(Source data)
╔══

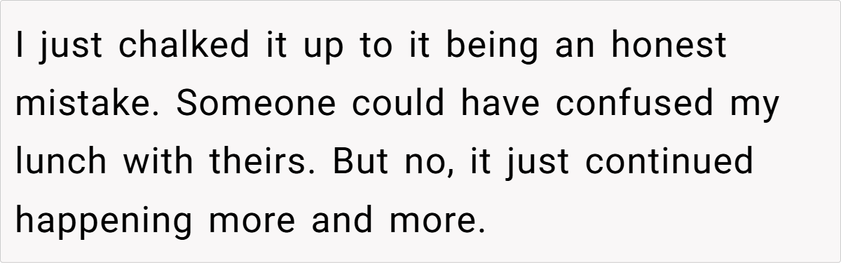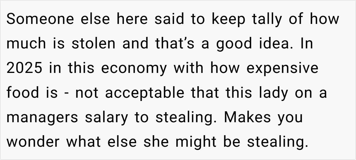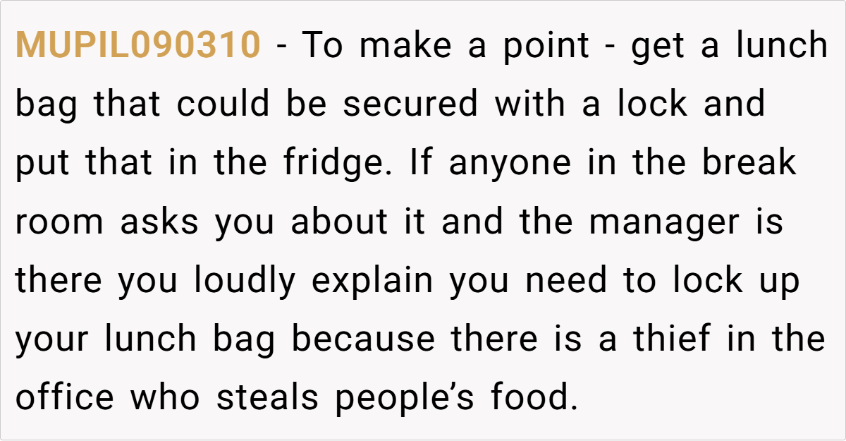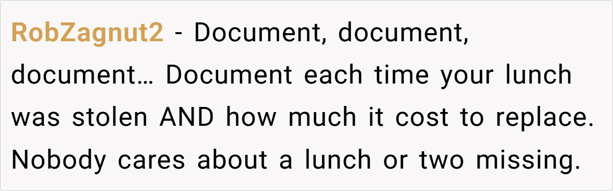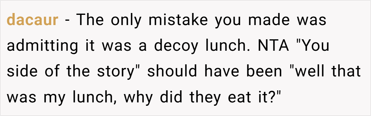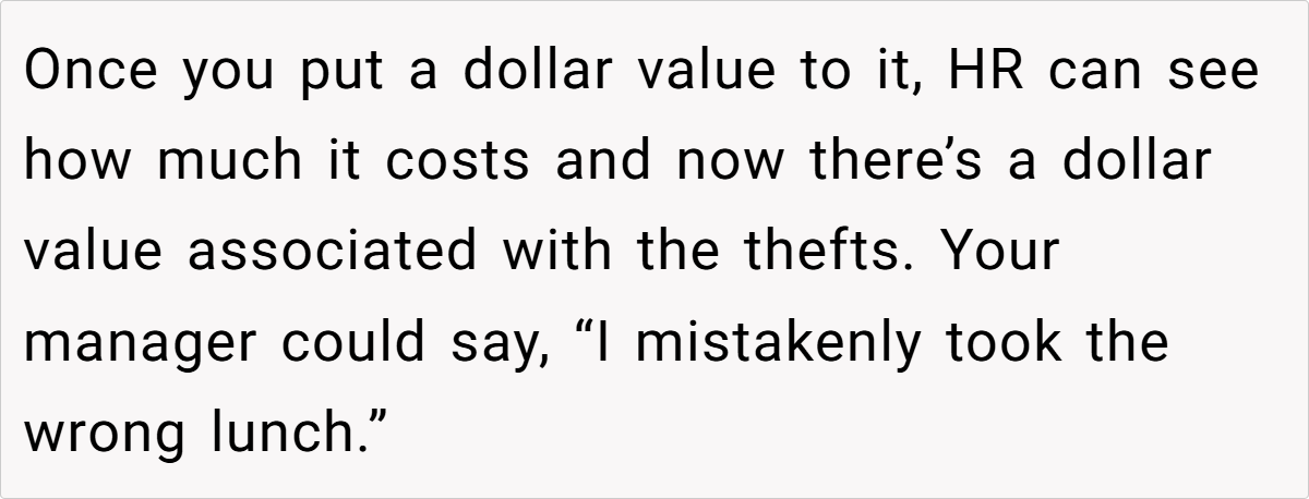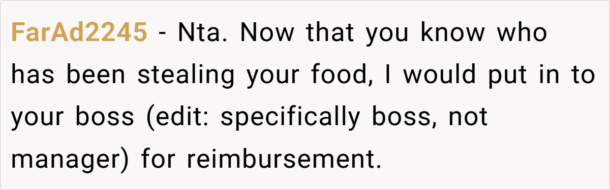 Workplace conflict expert Dr. Amanda White explains, “Food theft in professional settings creates an environment of distrust. When management is the culprit, it further undermines company morale.”
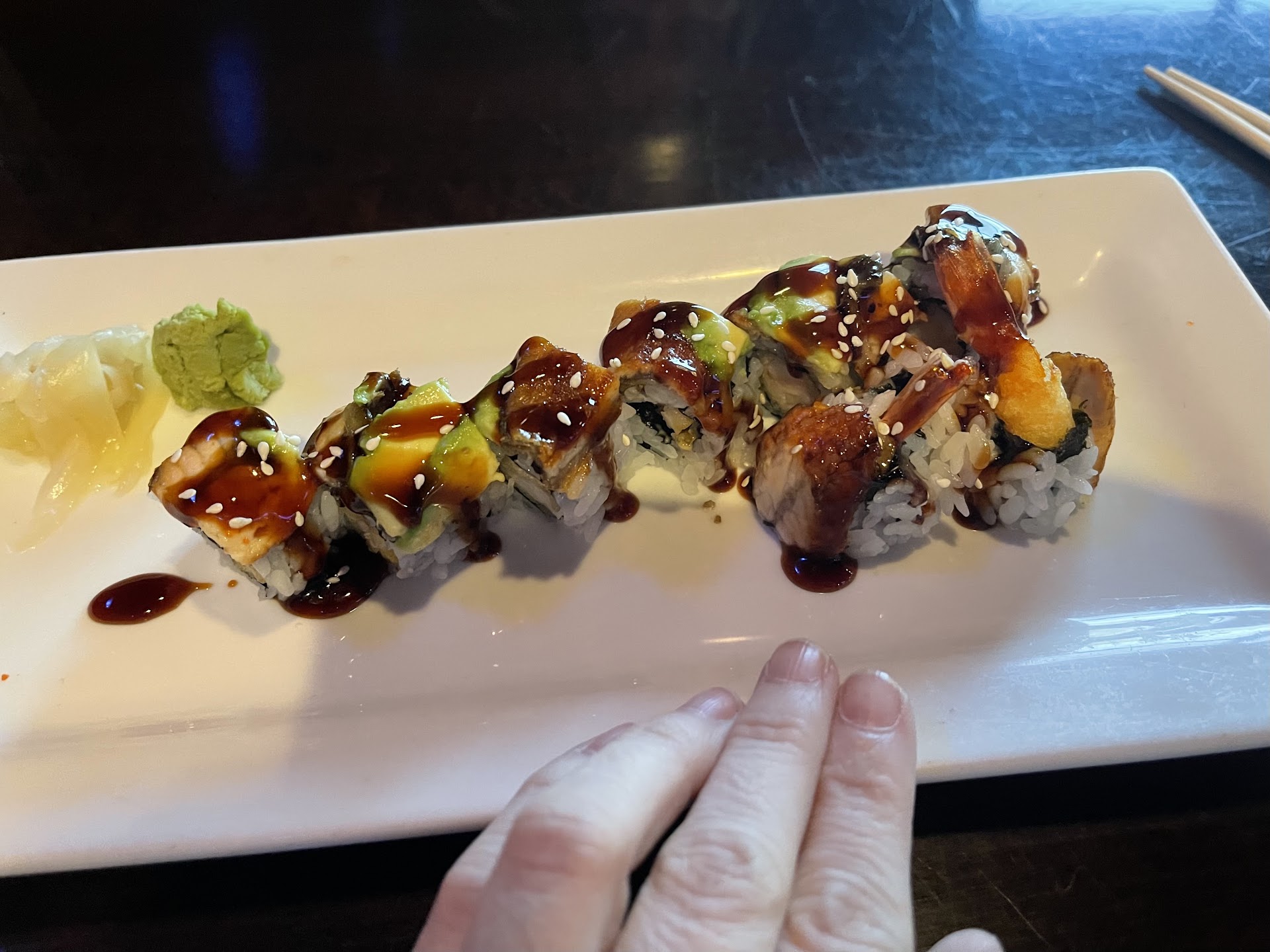 About 15 minutes go by and we received our hibachi entree. While she was serving it to us she spilled my husbands beer all over the table and into my orangtini, they couldnāt replace my drink because they ran out of oranges, which was odd because oranges are a part of this cuisine as there were oranges in my hibachi plate. So at this point we are wondering where our sushi is as typically it comes before the meal, not after like a dessert.
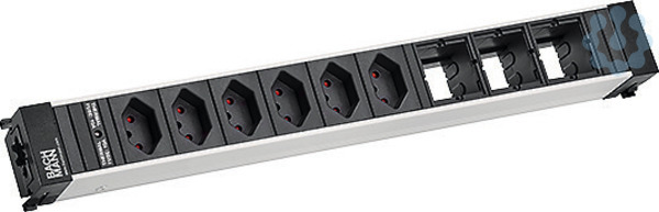 CONFERENCE Steckdoseneinheit ALU Länge: 444mm 6xCH/Schweiz sw. mit Thermosicherung 10A 3xCustom Module leer. Stromein- und ausgang GST18
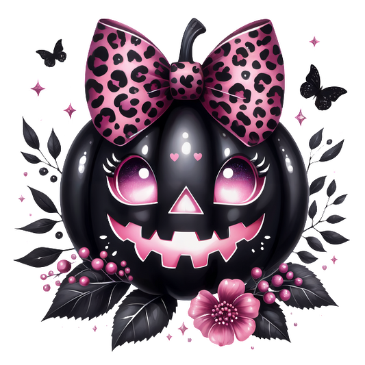 Una divertida calabaza negra con un lazo con estampado de leopardo, con lindos ojos y rodeada de flores y hojas rosas.
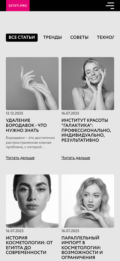 esteti.pro — специализированный цифровой проект в области эстетической медицины и косметологии.
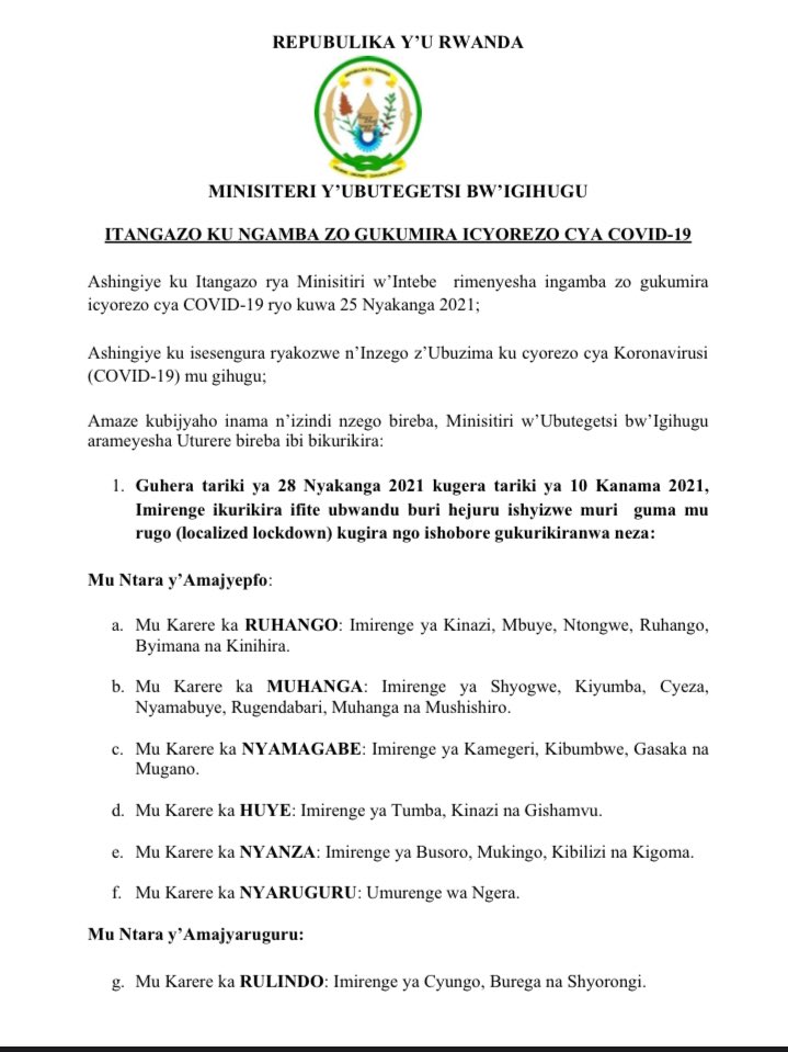 2. Abatuye mu Mirenge ivugwa muri iri tangazo barasabwa kubahiriza amabwiriza akubiye mu itangazo rya Minisitiri w’lntebe rivugwa haruguru akurikizwa mu Mujyi wa Kigali n’Uturere 8 twashyizwe muri gahunda ya Guma Mu Rugo.
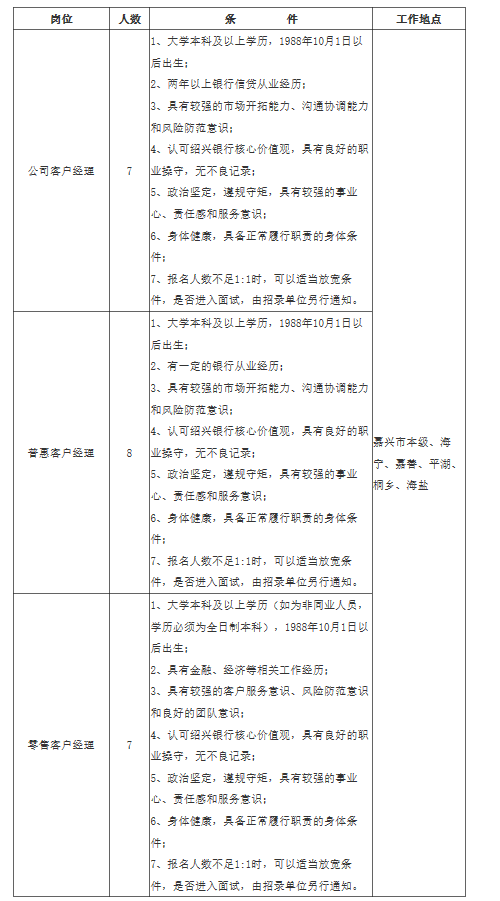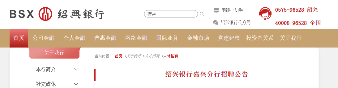 因紹興銀行嘉興分行業(yè)務(wù)發(fā)展需要,現(xiàn)面向嘉興全市范圍內(nèi)定向誠聘英才,我們熱忱歡迎各位英才加盟,攜手同行,共創(chuàng)輝煌!

╚══

§ WHAT YOU NEED TO DO: Leave out the pictures and retype every line above exactly.

§ YOUR RESPONSE:
 Workplace conflict expert Dr. Amanda White explains, “Food theft in professional settings creates an environment of distrust. When management is the culprit, it further undermines company morale.”
 About 15 minutes go by and we received our hibachi entree. While she was serving it to us she spilled my husbands beer all over the table and into my orangtini, they couldnāt replace my drink because they ran out of oranges, which was odd because oranges are a part of this cuisine as there were oranges in my hibachi plate. So at this point we are wondering where our sushi is as typically it comes before the meal, not after like a dessert.
 CONFERENCE Steckdoseneinheit ALU Länge: 444mm 6xCH/Schweiz sw. mit Thermosicherung 10A 3xCustom Module leer. Stromein- und ausgang GST18
 Una divertida calabaza negra con un lazo con estampado de leopardo, con lindos ojos y rodeada de flores y hojas rosas.
 esteti.pro — специализированный цифровой проект в области эстетической медицины и косметологии.
 2. Abatuye mu Mirenge ivugwa muri iri tangazo barasabwa kubahiriza amabwiriza akubiye mu itangazo rya Minisitiri w’lntebe rivugwa haruguru akurikizwa mu Mujyi wa Kigali n’Uturere 8 twashyizwe muri gahunda ya Guma Mu Rugo.
 因紹興銀行嘉興分行業(yè)務(wù)發(fā)展需要,現(xiàn)面向嘉興全市范圍內(nèi)定向誠聘英才,我們熱忱歡迎各位英才加盟,攜手同行,共創(chuàng)輝煌!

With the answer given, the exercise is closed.